[[ DATA SHOWN open ]]
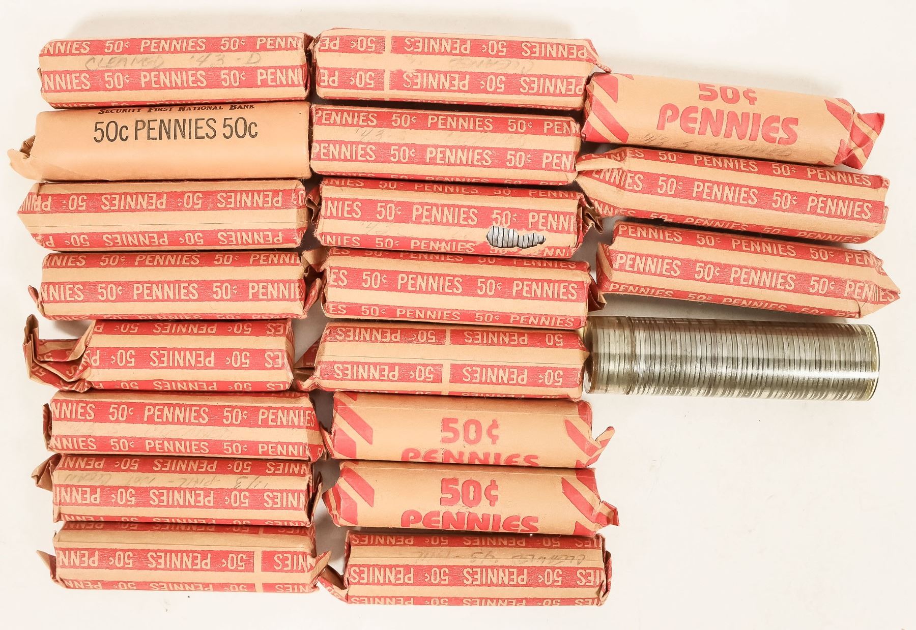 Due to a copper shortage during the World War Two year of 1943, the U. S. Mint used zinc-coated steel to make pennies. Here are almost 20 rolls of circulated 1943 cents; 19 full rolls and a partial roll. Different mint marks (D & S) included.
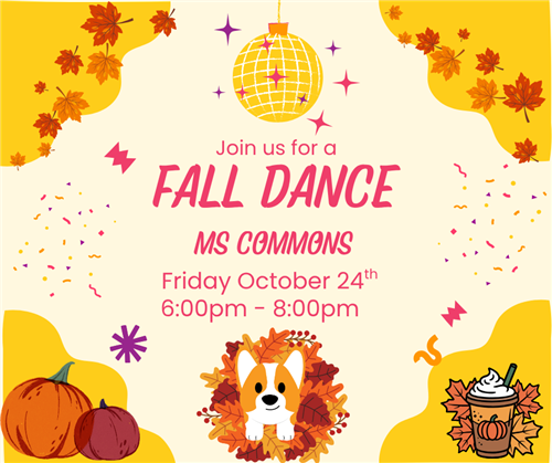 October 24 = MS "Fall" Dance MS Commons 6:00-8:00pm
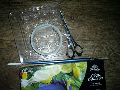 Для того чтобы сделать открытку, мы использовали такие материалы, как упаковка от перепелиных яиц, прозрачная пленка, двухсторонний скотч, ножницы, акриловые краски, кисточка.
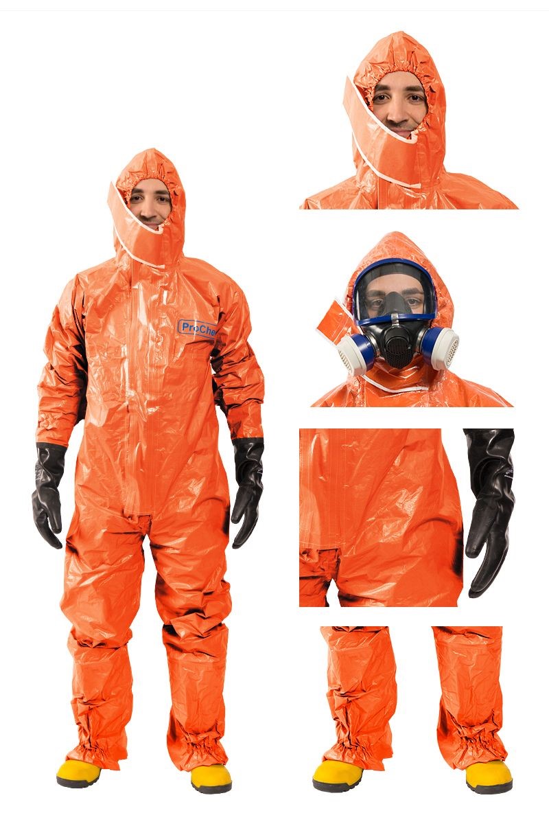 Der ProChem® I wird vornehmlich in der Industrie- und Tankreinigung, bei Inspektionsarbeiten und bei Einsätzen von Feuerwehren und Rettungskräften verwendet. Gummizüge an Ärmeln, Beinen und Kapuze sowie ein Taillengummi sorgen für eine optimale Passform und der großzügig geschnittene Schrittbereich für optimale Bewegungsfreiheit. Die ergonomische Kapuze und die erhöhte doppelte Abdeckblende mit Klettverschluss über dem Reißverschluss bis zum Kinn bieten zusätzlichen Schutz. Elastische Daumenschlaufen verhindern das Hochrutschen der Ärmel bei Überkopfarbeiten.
[[ DATA SHOWN closed ]]
- _WHAT NEEDS TO BE DONE_: Once you have returned the line containing "Для того чтобы", stop; begin at the first line of the material, keep each line exact, and skip the pictures.

- _SOLUTION TO THIS TASK_:
 Due to a copper shortage during the World War Two year of 1943, the U. S. Mint used zinc-coated steel to make pennies. Here are almost 20 rolls of circulated 1943 cents; 19 full rolls and a partial roll. Different mint marks (D & S) included.
 October 24 = MS "Fall" Dance MS Commons 6:00-8:00pm
 Для того чтобы сделать открытку, мы использовали такие материалы, как упаковка от перепелиных яиц, прозрачная пленка, двухсторонний скотч, ножницы, акриловые краски, кисточка.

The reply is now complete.